Documentaire sur France Ô à 20 h 55

Soy Croco libre / ©Zed

Il arrive parfois que des animaux participent à certains événements historiques. On se souvient par exemple des exploits de l’ours Wojtek, notamment à la bataille de Monte Cassino en 1944 au sein du corps d’armée polonais engagé aux côtés des forces alliées. En deuxième ­ligne, l’ourson orphelin recueilli que­lques années auparavant par des soldats polonais avait aidé à charger de lourdes caisses de munitions d’ordinaire portées par trois ou quatre soldats !

Cette fois, dans le surprenant documentaire de Stéphane ­Jacques, il n’est pas question d’ours mais de crocodiles. On y retrace l’histoire mouvementée du rhombifer, un crocodile 100 % cubain que Fidel Castro a choyé et qui, aujourd’hui, risque gros. Pourquoi ? Parce que le crocodile américain arrive par la mer des Caraïbes, s’introduit dans les cours d’eau, à travers les roches friables, les cavités spéléo lacustres. Et s’accouple ensuite, non sans plaisir, avec son joli camarade cubain.

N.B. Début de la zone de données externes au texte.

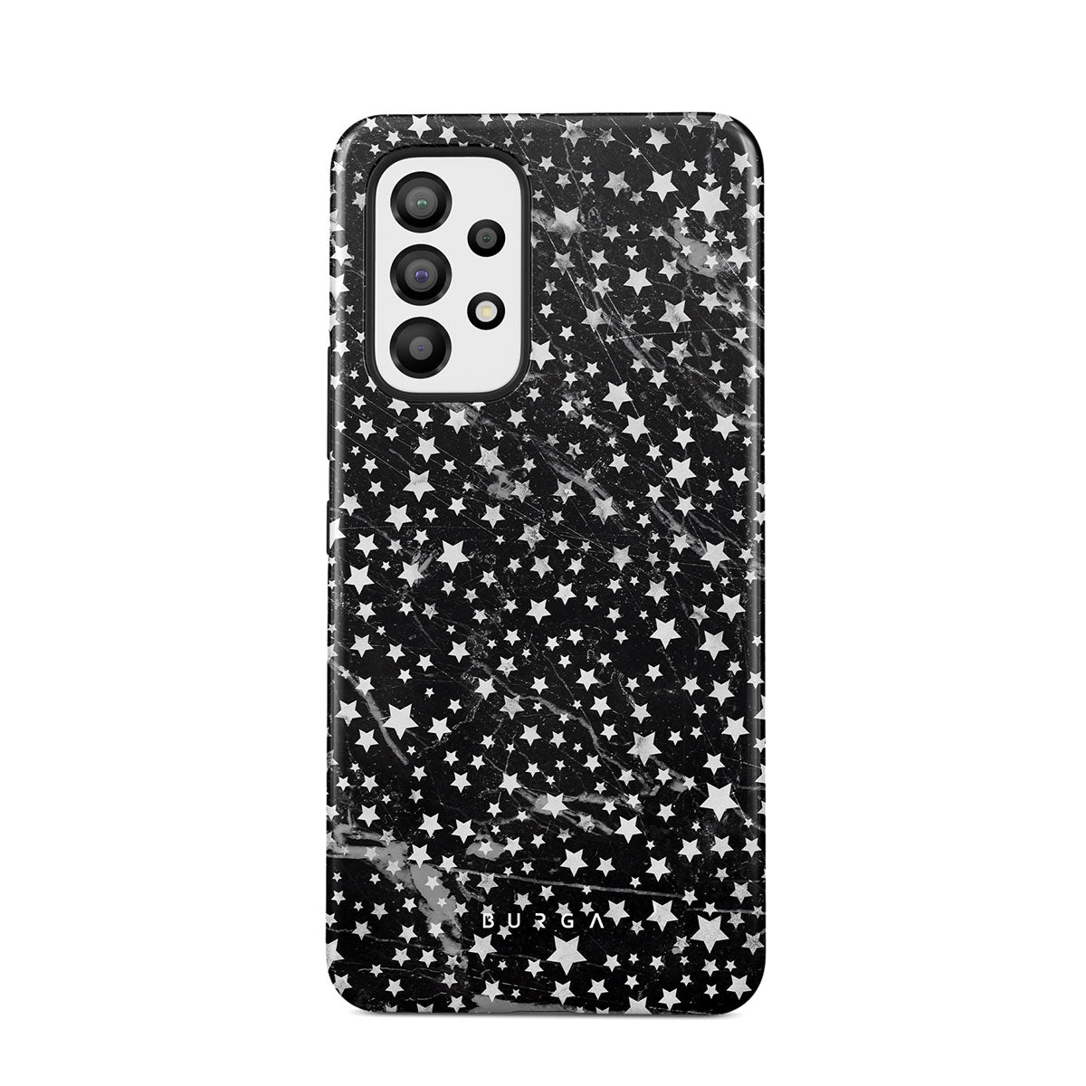 Samsung Galaxy A72 phone case is inspired by the sky above us. Here the charming star pattern meets with a trendy black and white marble. Add the unique combination to your wardrobe and transform your protective phone case into a fashion accessory.

Le mélange des gènes risque donc de faire disparaître le crocodile cubain et ça, le peuple de la grande île des Caraïbes (dont la forme évoque… un crocodile) ne peut l’accepter. D’autant plus que ces galipettes sous-marines se déroulent dans la Cienaga de Zapata, autrement dit la région de la célèbre baie des Cochons, lieu emblématique où, en avril 1961, des exilés cubains armés par les Etats-Unis débarquèrent et tentèrent en vain de mettre un terme à la jeune révolution au pouvoir.

Braconniers reconvertis

Menacé à pleines dents par son voisin impérialiste, le rhombifer peut compter sur la vigilance de gardiens patriotes habillés de vert : les cocodrileros, pour la plupart anciens braconniers convertis. L’histoire de ces crocodiles ­devenus fierté nationale à Cuba ­remonte aux années 1950. Avant l’arrivée aux commandes de Fidel Castro en janvier 1959, les crocodiles locaux n’étaient pas protégés. Bien au contraire, les très pauvres habitants de la région, souvent des carboneros (« charbonniers »), les tuaient pour vendre leur peau. Lorsque Fidel prend le pouvoir, il vient s’afficher avec les classes laborieuses de la région et s’engage formellement à améliorer leurs conditions de vie. En contrepartie, ils doivent arrêter de chasser le crocodile.

Soy Croco libre / France Ô

Témoignant face à la caméra, les trois vieux frères Alonso racontent ces années folles quand, avec leur père, ils allaient chasser le ­crocodile – tradition familiale oblige. Une fois adultes, ils sont devenus les gardiens de ces crocodiles cubains. Le documentaire alterne images d’archives des années 1960, témoignageset visite du sanctuaire où sont regroupés des milliers de crocos cubains qui se reproduisent entre eux.

Si l’espèce est menacée dans la nature, ce n’est pas le cas dans le sanctuaire, où l’on assiste aux soins, aux repas et aux accouplements de ces ­belles bêtes. Méticuleux et vigilants, les gardiens étudient également l’ennemi intime, à savoir quelques crocos américains parqués dans un bassin spécifique. Protégé depuis 1959, le crocodile local a connu une autre période délicate entre 1989 et 2000, lorsque la situation économique s’est détériorée. De nouveau, des braconniers ont risqué leur vie la nuit pour tuer ces reptiles et vendre leur peau. Puis la situation s’est de nouveau calmée. Avec le temps, le crocodile cubain est même devenu un argument de poids pour faire venir les touristes dans cette région isolée. Autrement dit, un crocodile cubain vivant rapporte plus qu’un crocodile mort. Cuba ­libre ? Croco aussi !

Soy croco libre, de Stéphane Jacques (France, 2017, 52 min).